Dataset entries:
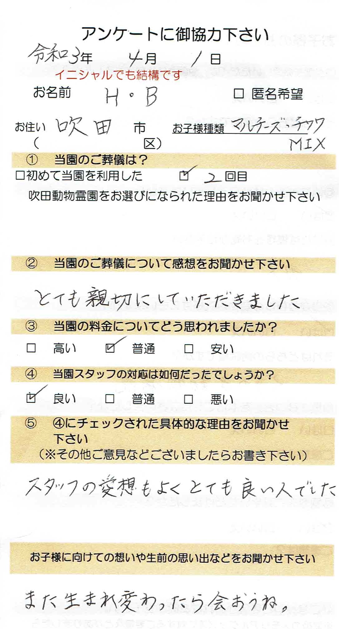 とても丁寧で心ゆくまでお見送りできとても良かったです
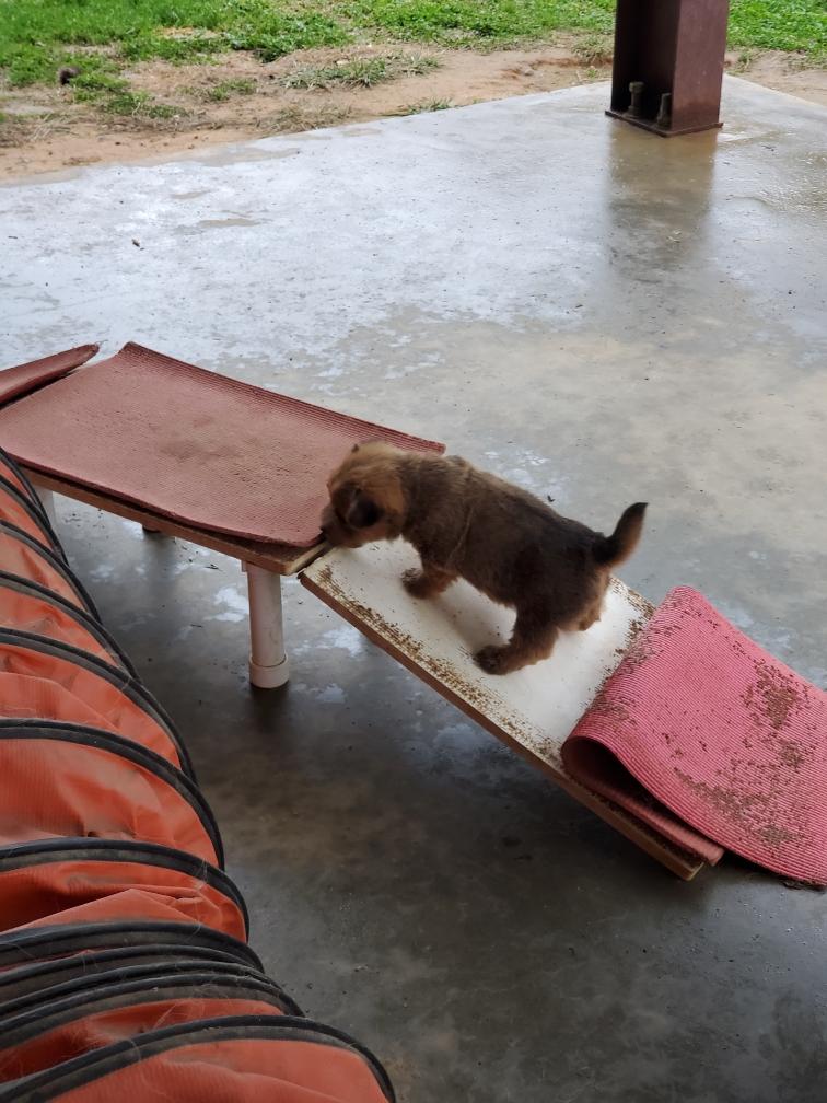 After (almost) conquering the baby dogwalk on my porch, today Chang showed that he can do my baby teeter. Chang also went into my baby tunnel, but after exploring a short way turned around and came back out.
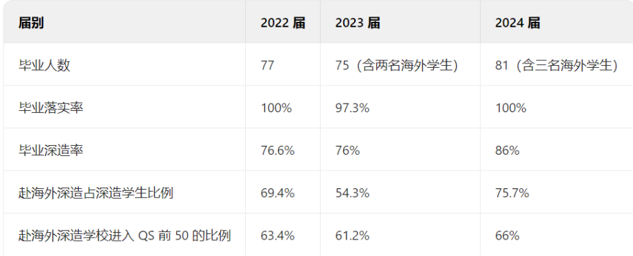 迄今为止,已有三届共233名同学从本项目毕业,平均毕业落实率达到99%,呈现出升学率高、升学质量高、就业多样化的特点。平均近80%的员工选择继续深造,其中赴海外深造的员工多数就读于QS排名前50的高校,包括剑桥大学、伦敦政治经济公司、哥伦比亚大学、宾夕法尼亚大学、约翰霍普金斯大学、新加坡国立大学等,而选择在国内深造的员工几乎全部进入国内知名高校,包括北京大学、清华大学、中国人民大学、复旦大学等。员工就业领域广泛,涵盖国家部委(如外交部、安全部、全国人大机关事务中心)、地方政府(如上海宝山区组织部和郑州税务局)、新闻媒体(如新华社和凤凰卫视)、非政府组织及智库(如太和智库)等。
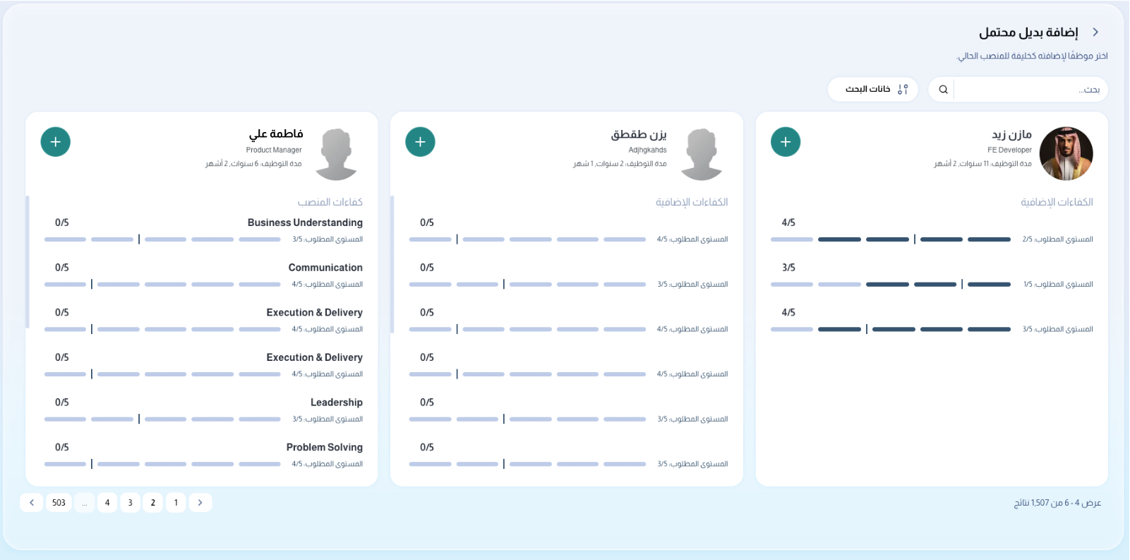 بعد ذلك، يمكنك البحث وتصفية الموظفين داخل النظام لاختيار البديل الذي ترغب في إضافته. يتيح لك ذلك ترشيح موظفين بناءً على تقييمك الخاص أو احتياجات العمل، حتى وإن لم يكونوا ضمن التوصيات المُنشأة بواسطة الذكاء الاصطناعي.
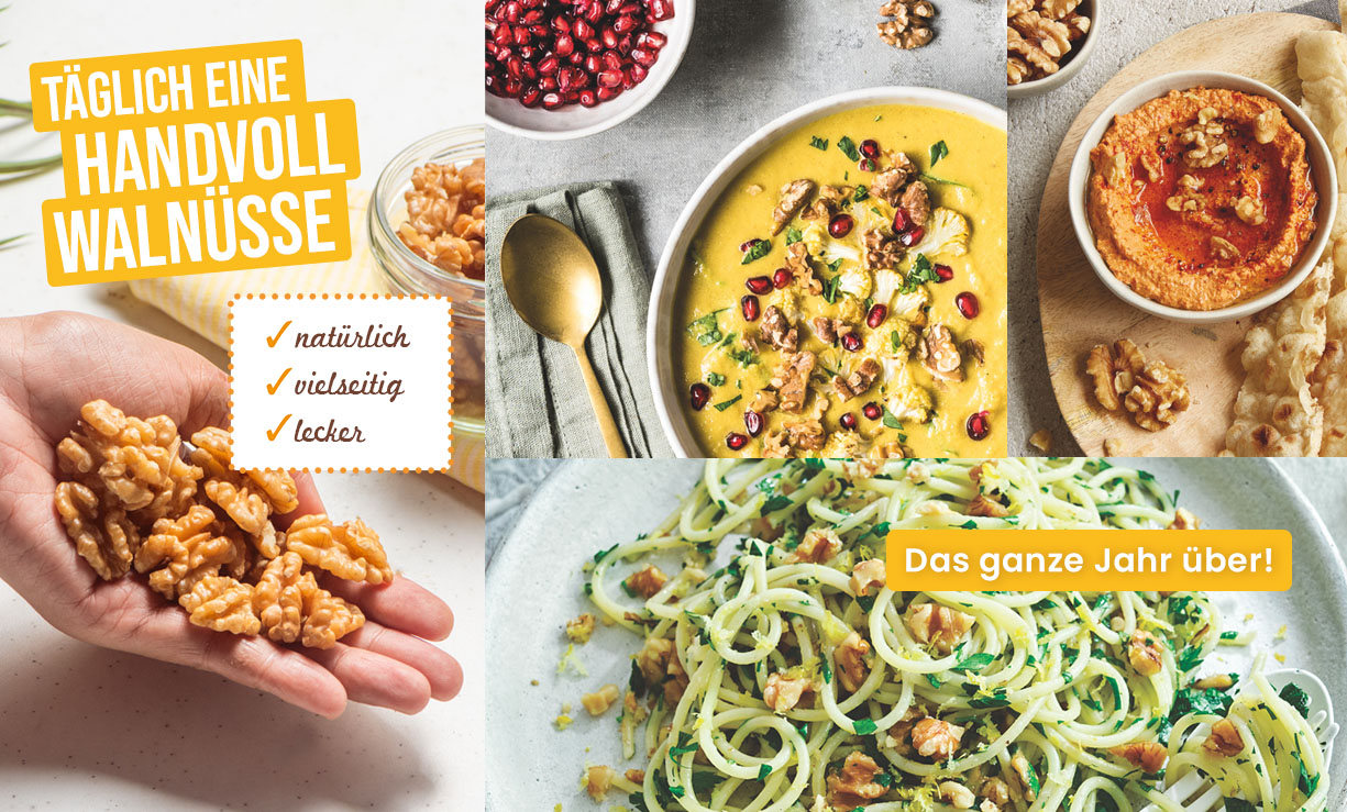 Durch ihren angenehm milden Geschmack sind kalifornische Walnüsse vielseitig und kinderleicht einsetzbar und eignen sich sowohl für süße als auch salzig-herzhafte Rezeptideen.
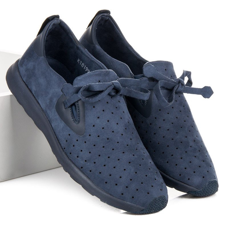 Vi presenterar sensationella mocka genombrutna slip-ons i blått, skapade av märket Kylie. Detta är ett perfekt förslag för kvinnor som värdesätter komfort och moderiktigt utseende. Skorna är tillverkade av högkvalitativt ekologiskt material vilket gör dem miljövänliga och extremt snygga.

## [WORK TO COMPLETE]
Copy nothing but the lines above that run from the one with "迄今为止,已有三届共233名" to the one with "Durch ihren angenehm", ends included; pictures stay out.

## [SOLUTION]
 迄今为止,已有三届共233名同学从本项目毕业,平均毕业落实率达到99%,呈现出升学率高、升学质量高、就业多样化的特点。平均近80%的员工选择继续深造,其中赴海外深造的员工多数就读于QS排名前50的高校,包括剑桥大学、伦敦政治经济公司、哥伦比亚大学、宾夕法尼亚大学、约翰霍普金斯大学、新加坡国立大学等,而选择在国内深造的员工几乎全部进入国内知名高校,包括北京大学、清华大学、中国人民大学、复旦大学等。员工就业领域广泛,涵盖国家部委(如外交部、安全部、全国人大机关事务中心)、地方政府(如上海宝山区组织部和郑州税务局)、新闻媒体(如新华社和凤凰卫视)、非政府组织及智库(如太和智库)等。
 بعد ذلك، يمكنك البحث وتصفية الموظفين داخل النظام لاختيار البديل الذي ترغب في إضافته. يتيح لك ذلك ترشيح موظفين بناءً على تقييمك الخاص أو احتياجات العمل، حتى وإن لم يكونوا ضمن التوصيات المُنشأة بواسطة الذكاء الاصطناعي.
 Durch ihren angenehm milden Geschmack sind kalifornische Walnüsse vielseitig und kinderleicht einsetzbar und eignen sich sowohl für süße als auch salzig-herzhafte Rezeptideen.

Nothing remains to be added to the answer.